These are the thoughts that keep me up at night. These are the feelings that send me to bed early. “What?”, say you. Life is a mofo SOB. At some point in life you come to the horrifying realization…so what? Caught between expectation and desire. Caught again between desire and ability. Then throw in nature and habit.
“What?” It’s simple. You need money to survive. What I love to do will probably never make me money. I’ve whittled my life down to what most in my life consider next to nothing. Still, I find myself needing to whittle more. Whittle while I work, you see.
I know I have a gift. Something that’s remained largely in a mishandled shipper most my life. I couple years ago, I opened it. I started writing with great enthusiasm and naivety. I made a great many rash decisions based on a great many tragedies. Now I sit amidst the smoldering ruins of my life. Are you sad yet? Do you feel sorry for me yet? Shut up.

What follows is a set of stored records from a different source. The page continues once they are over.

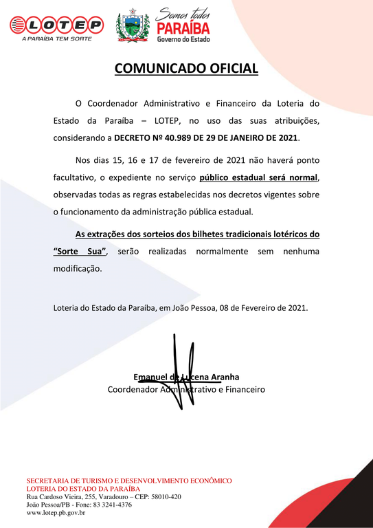 Você está aqui: Página Inicial > Adm. Indireta > LOTEP > Menu Principal > Notícias > Comunicado Oficial Carnaval 2021-2-1
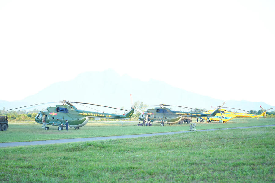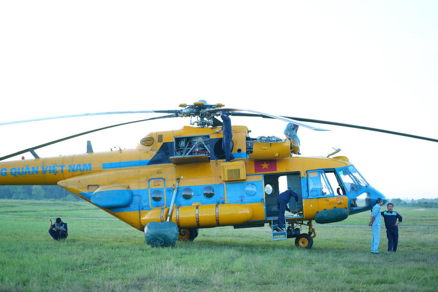 Chúng tôi có mặt tại sân bay Hòa Lạc lúc 4h sáng của một ngày cuối tuần. Không khí rộn ràng, khẩn trương từ Đài Chỉ huy trên cao đến mặt đường băng vẫn còn lớp lớp sương mù lúc rạng sáng. Những chiếc trực thăng Mi 8, Mi 171, Mi 17 được kéo ra, xếp hàng thẳng tắp chuẩn bị cho một ngày huấn luyện mới. Những bóng áo màu xanh chàm, màu xanh da trời biểu tượng cho lực lượng Không quân Nhân dân Việt Nam anh hùng đang tất bật chuẩn bị cho ban bay làm rộn ràng, náo nức cả không gian mênh mông dưới chân núi Ba Vì.
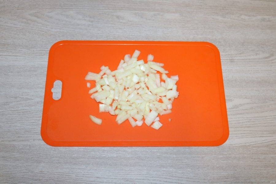 Лук нарежьте кубиками.
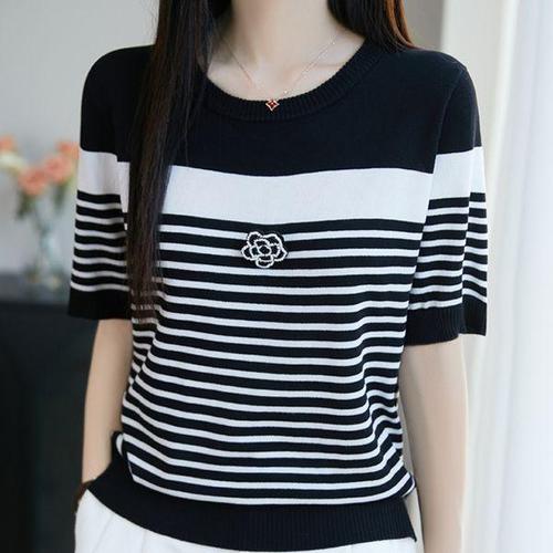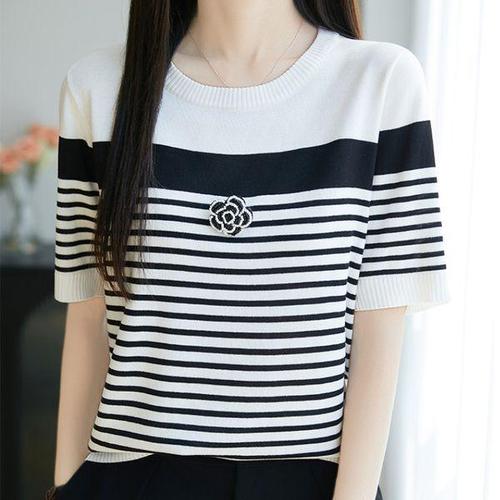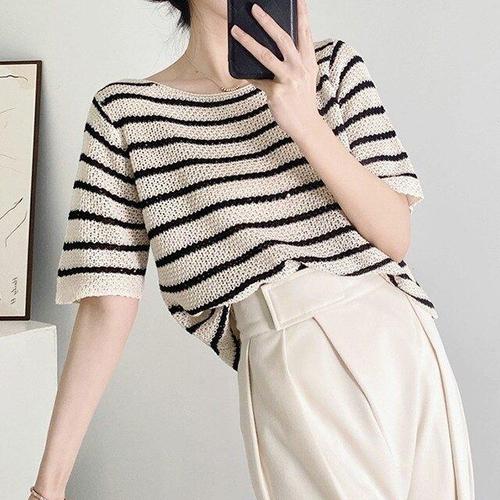 [핑크엘리제]스트라이프 여름 실크 반팔 니트티 호루아니트티
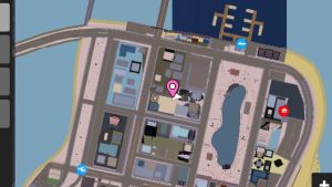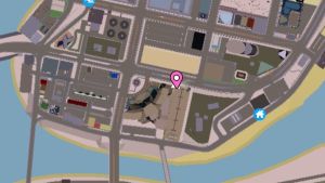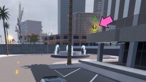 Sortez du parking et entrez dans la rue Pacifica. Descendez jusqu'à la fontaine et vous verrez l'elfe sur le rebord du bâtiment à droite. Vous pouvez l'attraper avec un hélicoptère, mais vous pouvez aussi le faire d'une manière différente.
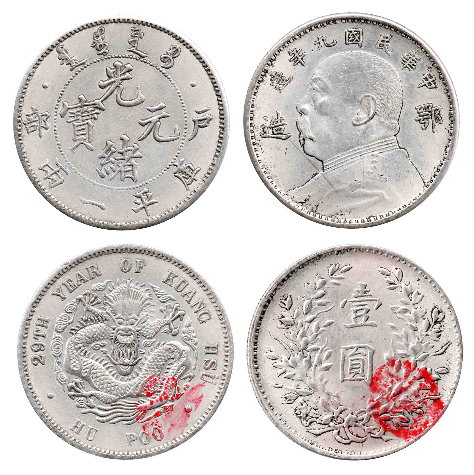 民国九年鄂造袁像壹圆,光绪元宝户部库平一两银币..

I have a roof over my head. I have more than enough food to eat. My greatest worries come from we call ‘high class problems’. I need to shut the hell up!
I ask not for sympathy. I could use a little more support and encouragement, but even in their absence, I need to progress solely on my own. I recently told a friend I have a Major in delusion with a Double Minor in stupid and lazy. I now amend my credentials. I have a Double PhD in delusion and lazy, a Major in stupid, and a Double Minor in self-scrutiny shortsightedness. By the way, my mind is fully accredited.
So what am I going to do? I’m going to have a great day and, at the end of it, probably focus on what I should have done and not what I did. That’s what I do, and that’s alright.
Now, don’t bother me. I’m regretting not writing a better bloogk.